==== GIVEN ENTRIES

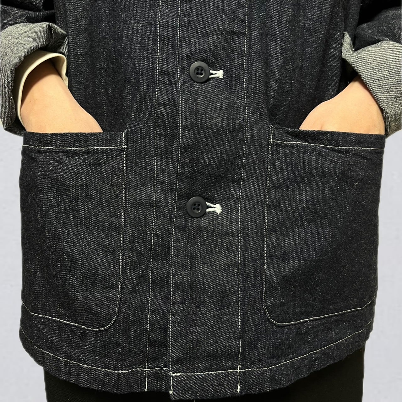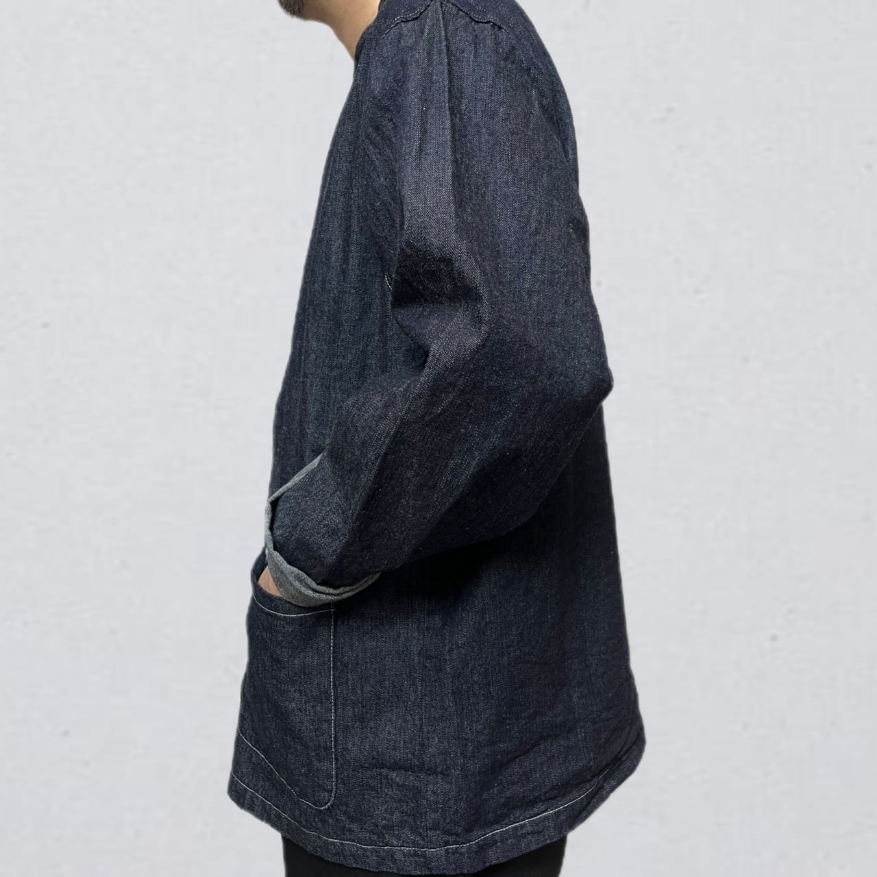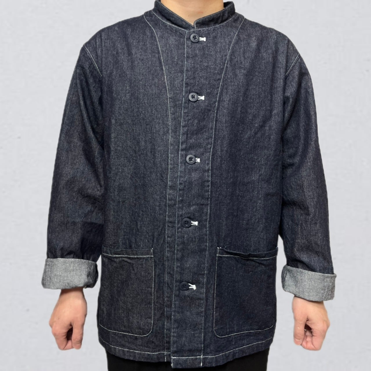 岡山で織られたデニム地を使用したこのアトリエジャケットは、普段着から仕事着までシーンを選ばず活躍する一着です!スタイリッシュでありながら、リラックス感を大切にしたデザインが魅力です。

========
==== GIVEN ENTRIES

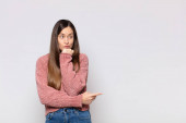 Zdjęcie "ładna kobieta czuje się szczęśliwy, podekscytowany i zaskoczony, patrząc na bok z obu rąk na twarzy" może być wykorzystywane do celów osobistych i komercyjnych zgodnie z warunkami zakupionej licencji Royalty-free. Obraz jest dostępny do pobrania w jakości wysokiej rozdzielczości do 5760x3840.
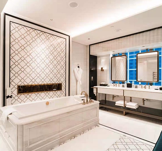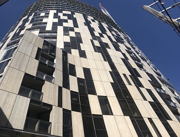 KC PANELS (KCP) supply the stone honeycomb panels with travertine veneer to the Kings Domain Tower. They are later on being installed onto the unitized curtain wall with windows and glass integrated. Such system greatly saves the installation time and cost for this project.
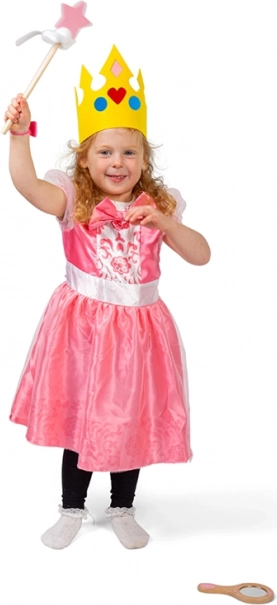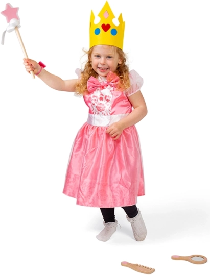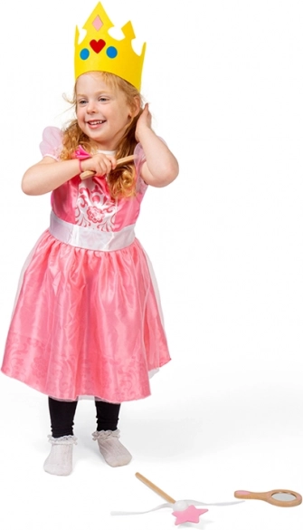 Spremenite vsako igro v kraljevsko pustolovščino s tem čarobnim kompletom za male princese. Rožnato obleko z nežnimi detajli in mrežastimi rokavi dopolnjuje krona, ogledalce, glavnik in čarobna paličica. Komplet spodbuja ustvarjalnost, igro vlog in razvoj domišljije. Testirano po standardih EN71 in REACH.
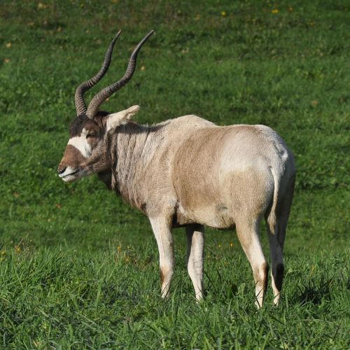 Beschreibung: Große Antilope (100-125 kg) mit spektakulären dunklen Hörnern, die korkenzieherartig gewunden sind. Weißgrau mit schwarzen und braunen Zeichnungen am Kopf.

========

Using the entries above, repeat exactly the lines from the one with "Spremenite vsako igro" to the one with "Beschreibung: Große Antilope", both included, and leave the pictures behind.

WRITTEN RESPONSE
 Spremenite vsako igro v kraljevsko pustolovščino s tem čarobnim kompletom za male princese. Rožnato obleko z nežnimi detajli in mrežastimi rokavi dopolnjuje krona, ogledalce, glavnik in čarobna paličica. Komplet spodbuja ustvarjalnost, igro vlog in razvoj domišljije. Testirano po standardih EN71 in REACH.
 Beschreibung: Große Antilope (100-125 kg) mit spektakulären dunklen Hörnern, die korkenzieherartig gewunden sind. Weißgrau mit schwarzen und braunen Zeichnungen am Kopf.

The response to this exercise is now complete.